--- Material for this task ---

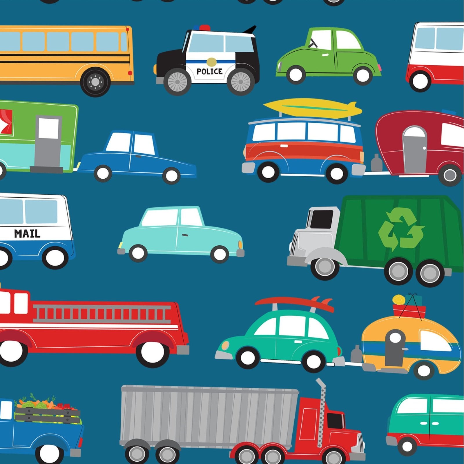 Beep Beep! Quilt Fabric By Michael Zindell Vehicles - Dark Sky
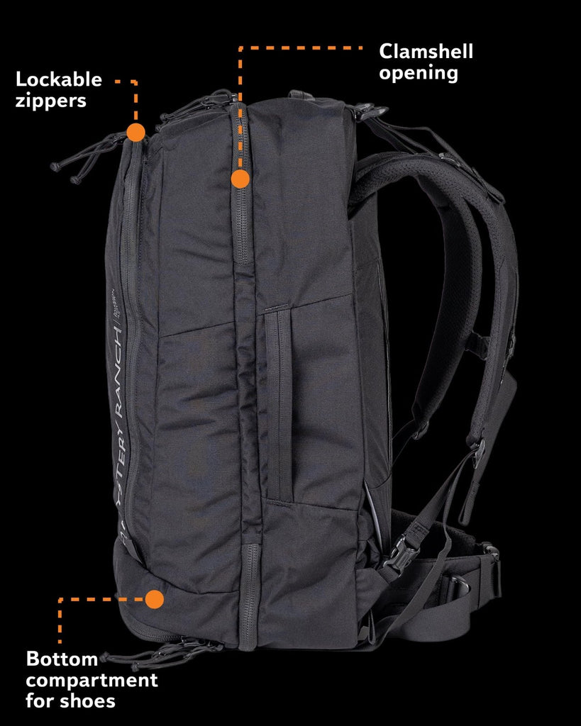 Mystery Ranch Mission Rover 45 Backpack – Duffel Bag with Side Handle, Lockable Zippers & Padded Laptop Sleeve – Black
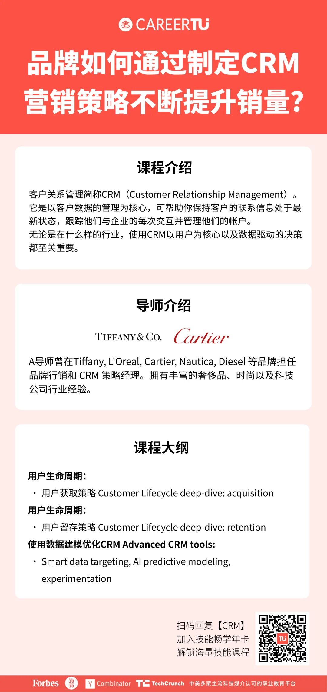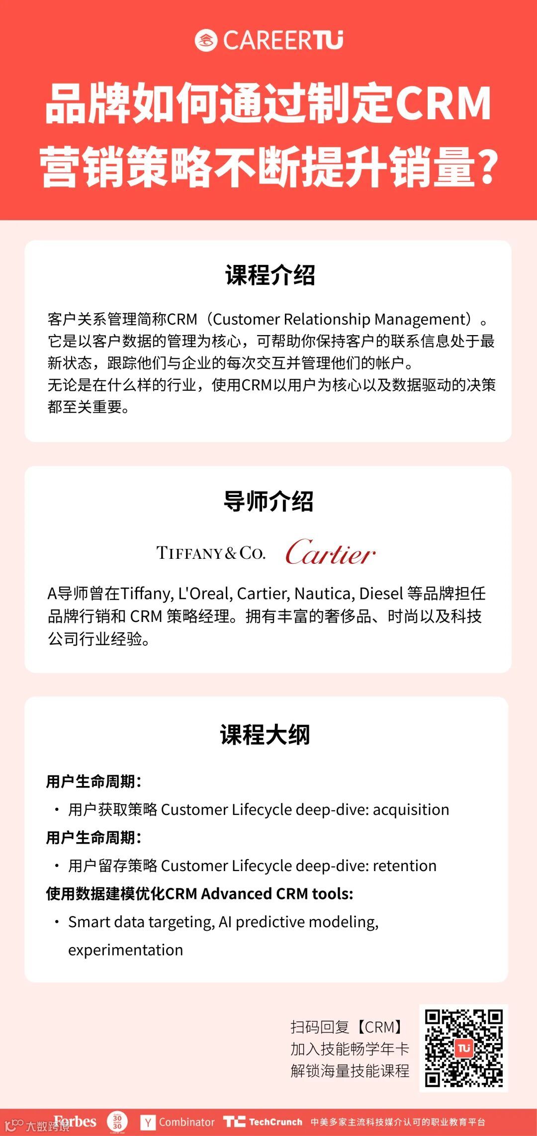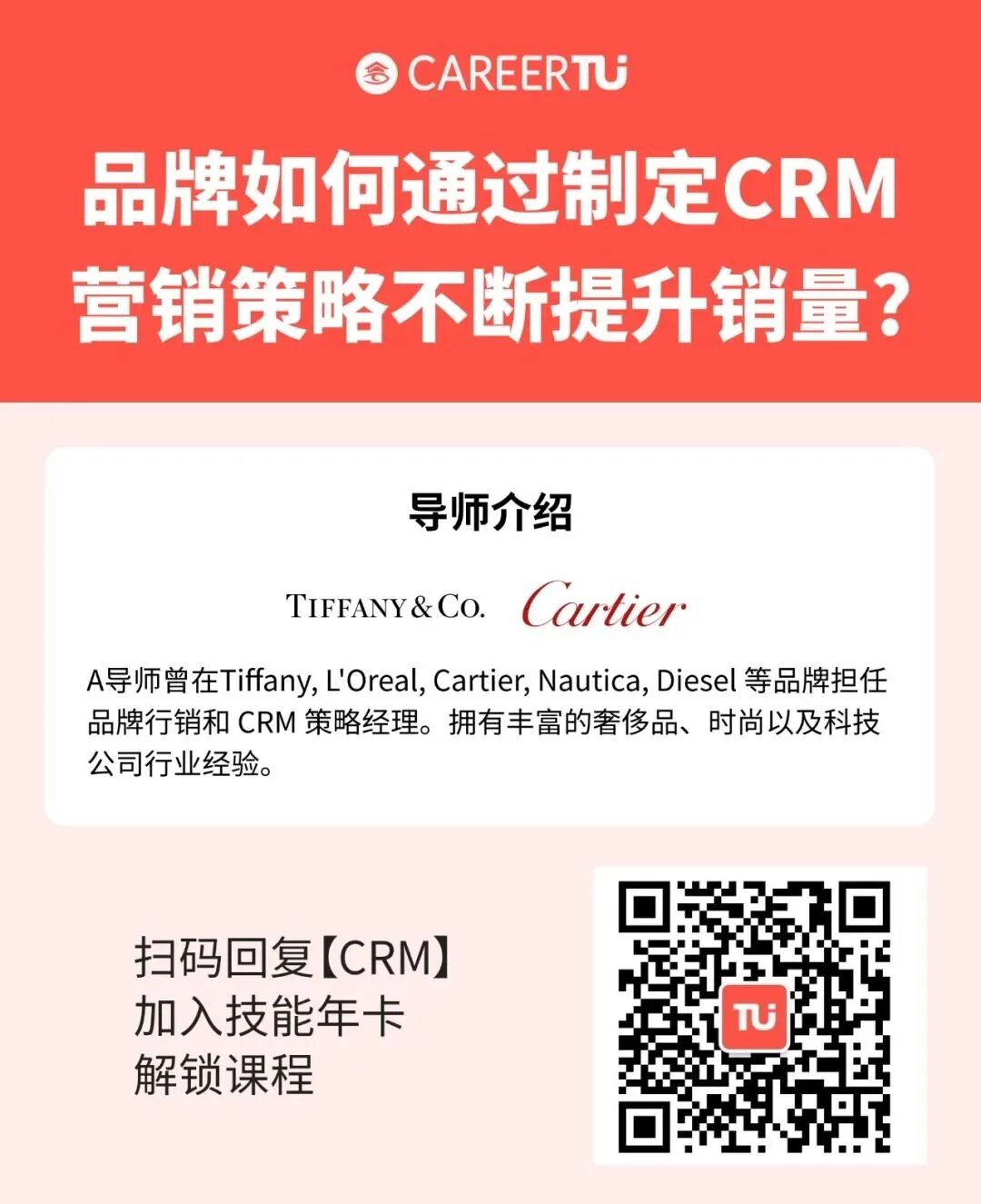 对品牌营销感兴趣,希望提升用户产品粘度、销量的同学,可以学习CareerTu职图推出的客户关系管理(CRM)技能课程!业界大牛导师将分享通过制定CRM营销策略,提升品牌销量的秘诀!
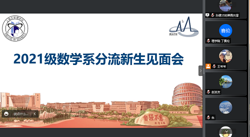 6月26日上午,永利集团88304官网数学系于线上举行2021级数学系分流新生见面会,数学系系主任朱佩成、永利集团88304官网党委副书记、纪委书记刘见礼、数学系副主任赵发友、徐姿、孙建才、21级数学系辅导员李倩、系教务秘书许万美、21级数学班导师姚锋平、张德凯等人出席会议。数学系2020级导生代表和2021级全体分流新生参加了会议,会议由数学系党总支副书记王岑岑主持。
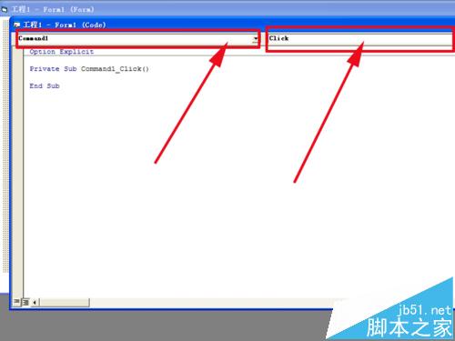 5、双击绘图按钮进入代码区域,在对象中选择commmand1,在过程中选择click,然后就可以在此输入代码了。
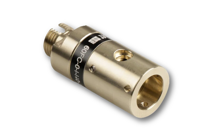 The distance between fiber end-face and collimating optics is adjusted by means of an eccentric key. The lens does not rotate when adjusting the focus. The final focus setting is locked by means of two radially arranged clamping screws. Additionally attachment optics of series 60FC can be mounted to the front of the collimator.
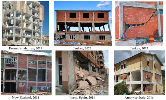 In accordance with the American Society of Civil Engineers (ASCE) [1], infill walls are typically classified as non-structural elements, playing a secondary role in several building types. These non-structural walls have found widespread application in residential, office, commercial, and other construction projects. Despite their common use, past seismic events have highlighted the vulnerability of infill walls under seismic loading conditions, as depicted in Figure 1, showcasing instances of damaged infilled walls. The repercussions extend beyond seismic events, impacting the overall structural behavior of buildings. In addition to seismic vulnerability, infill walls cause adverse structural effects, such as reduced natural periods [2,3], shear fractures in connections [4], the formation of short columns susceptible to shear loads [5,6], and the creation of soft stories [7,8]. In recognizing these shortcomings, researchers have sought novel methods to mitigate the undesirable impacts of infill walls on structural behavior [9].
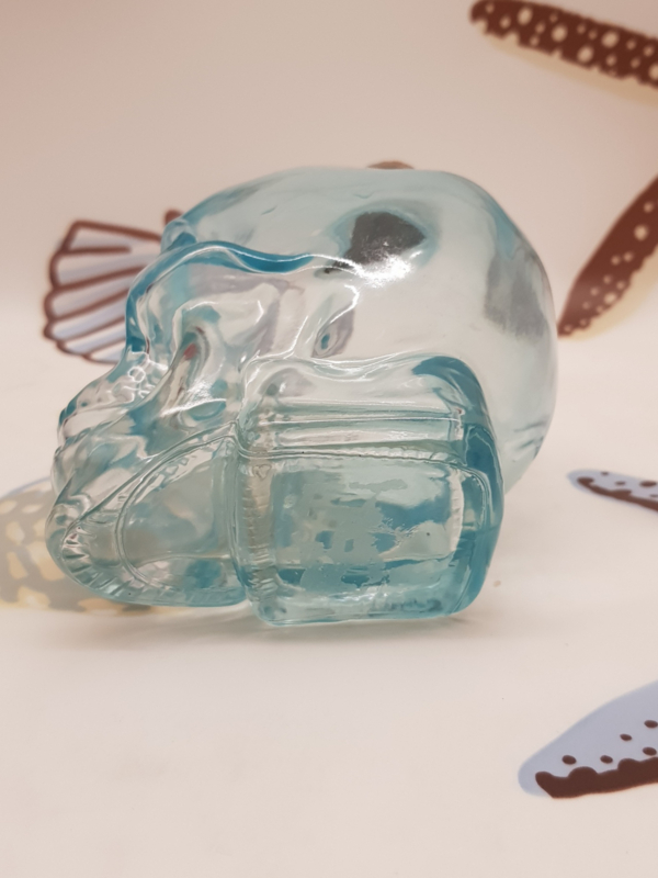 Wunderschöner blauer Totenkopf aus dickem Glas mit Stöpsel, ideal zum Servieren von Getränken.
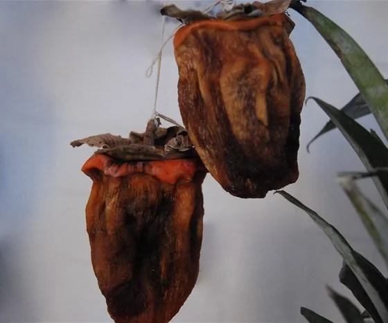 ШАГ 3 Туго привязать вокруг хвостика нитку. Связки не должны быть очень длинными. Через неделю на хурме появится легкий белый налет, не пугайтесь, это не плесень. Это выделяется глюкоза, которая покроет хурму.
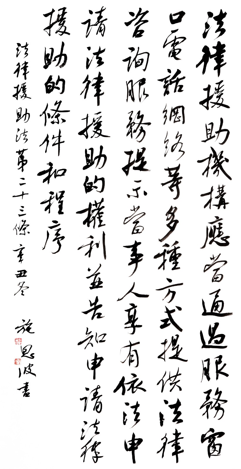 “書·法”活動旨在為創(chuàng)新法治宣傳教育,多開一點腦洞、多花一點心思、多出一點力量、多做一點貢獻(xiàn),引領(lǐng)和推動更多的人拿起筆來學(xué)法、寫法,在不斷“書·法”過程中,提升自身的法治素養(yǎng),在全社會弘揚法治精神。
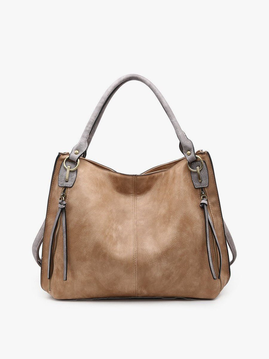 Distressed tote with front zipper pockets and adjustable/detachable shoulder strap.
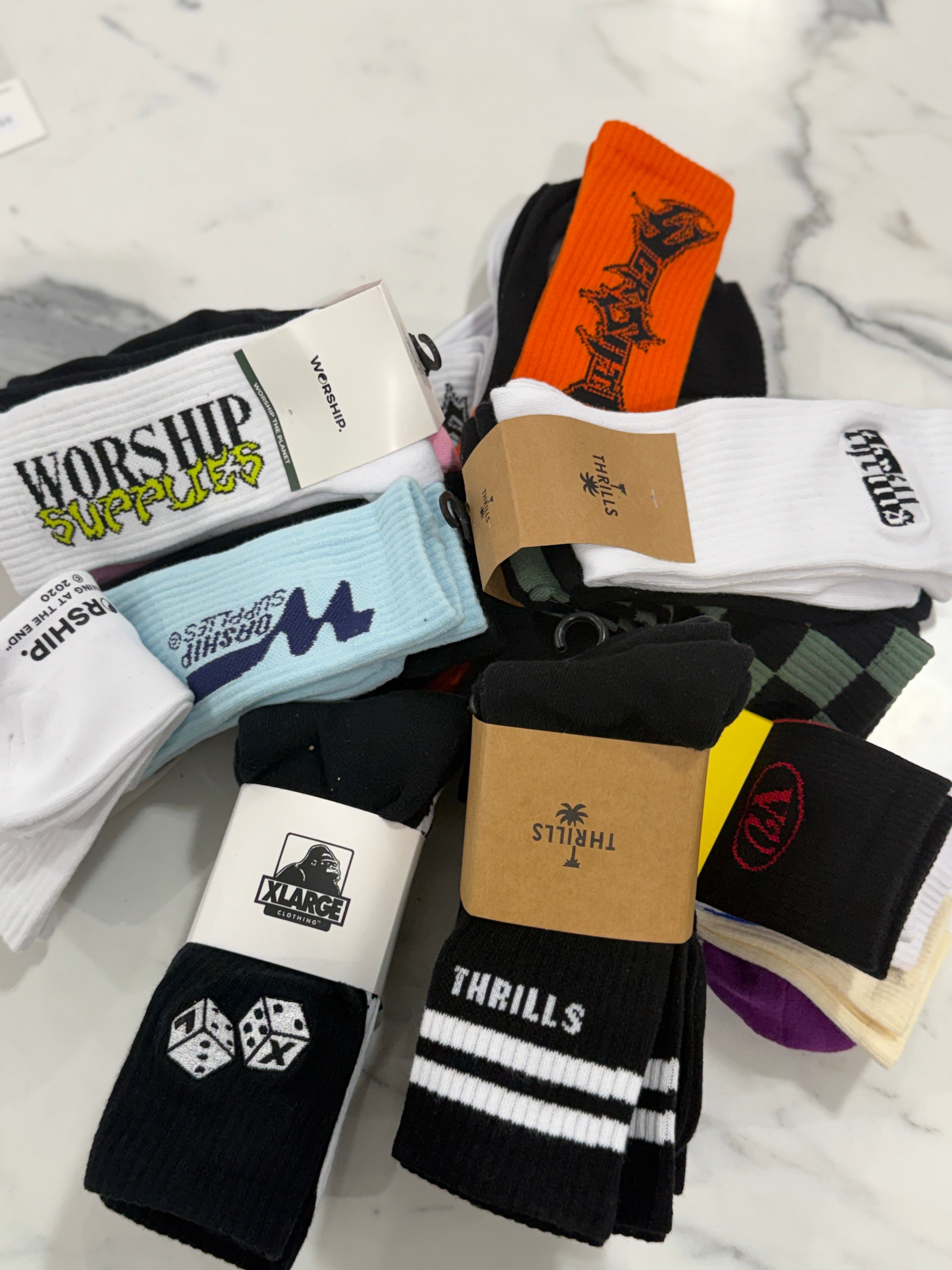 DOMINATION SOCKS 3PK WHITE LILAC BLACK
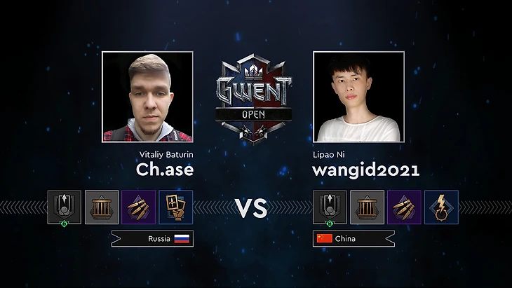В первой партии Ch.ase взял колоду Севера, wangid2021 – Нильфгаард. Ch.ase отдает первый раунд, китаец решать перевести игру в третий. Оба игрока разыгрывают свои сценарии, но wangid2021 находит вообще все легендарные карты, из-за чего побеждает. (0:1)

---

-- What to produce --
Pictures stay out; the entries above are to be output exactly as given.

-- Output --
 Beep Beep! Quilt Fabric By Michael Zindell Vehicles - Dark Sky
 Mystery Ranch Mission Rover 45 Backpack – Duffel Bag with Side Handle, Lockable Zippers & Padded Laptop Sleeve – Black
 对品牌营销感兴趣,希望提升用户产品粘度、销量的同学,可以学习CareerTu职图推出的客户关系管理(CRM)技能课程!业界大牛导师将分享通过制定CRM营销策略,提升品牌销量的秘诀!
 6月26日上午,永利集团88304官网数学系于线上举行2021级数学系分流新生见面会,数学系系主任朱佩成、永利集团88304官网党委副书记、纪委书记刘见礼、数学系副主任赵发友、徐姿、孙建才、21级数学系辅导员李倩、系教务秘书许万美、21级数学班导师姚锋平、张德凯等人出席会议。数学系2020级导生代表和2021级全体分流新生参加了会议,会议由数学系党总支副书记王岑岑主持。
 5、双击绘图按钮进入代码区域,在对象中选择commmand1,在过程中选择click,然后就可以在此输入代码了。
 The distance between fiber end-face and collimating optics is adjusted by means of an eccentric key. The lens does not rotate when adjusting the focus. The final focus setting is locked by means of two radially arranged clamping screws. Additionally attachment optics of series 60FC can be mounted to the front of the collimator.
 In accordance with the American Society of Civil Engineers (ASCE) [1], infill walls are typically classified as non-structural elements, playing a secondary role in several building types. These non-structural walls have found widespread application in residential, office, commercial, and other construction projects. Despite their common use, past seismic events have highlighted the vulnerability of infill walls under seismic loading conditions, as depicted in Figure 1, showcasing instances of damaged infilled walls. The repercussions extend beyond seismic events, impacting the overall structural behavior of buildings. In addition to seismic vulnerability, infill walls cause adverse structural effects, such as reduced natural periods [2,3], shear fractures in connections [4], the formation of short columns susceptible to shear loads [5,6], and the creation of soft stories [7,8]. In recognizing these shortcomings, researchers have sought novel methods to mitigate the undesirable impacts of infill walls on structural behavior [9].
 Wunderschöner blauer Totenkopf aus dickem Glas mit Stöpsel, ideal zum Servieren von Getränken.
 ШАГ 3 Туго привязать вокруг хвостика нитку. Связки не должны быть очень длинными. Через неделю на хурме появится легкий белый налет, не пугайтесь, это не плесень. Это выделяется глюкоза, которая покроет хурму.
 “書·法”活動旨在為創(chuàng)新法治宣傳教育,多開一點腦洞、多花一點心思、多出一點力量、多做一點貢獻(xiàn),引領(lǐng)和推動更多的人拿起筆來學(xué)法、寫法,在不斷“書·法”過程中,提升自身的法治素養(yǎng),在全社會弘揚法治精神。
 Distressed tote with front zipper pockets and adjustable/detachable shoulder strap.
 DOMINATION SOCKS 3PK WHITE LILAC BLACK
В первой партии Ch.ase взял колоду Севера, wangid2021 – Нильфгаард. Ch.ase отдает первый раунд, китаец решать перевести игру в третий. Оба игрока разыгрывают свои сценарии, но wangid2021 находит вообще все легендарные карты, из-за чего побеждает. (0:1)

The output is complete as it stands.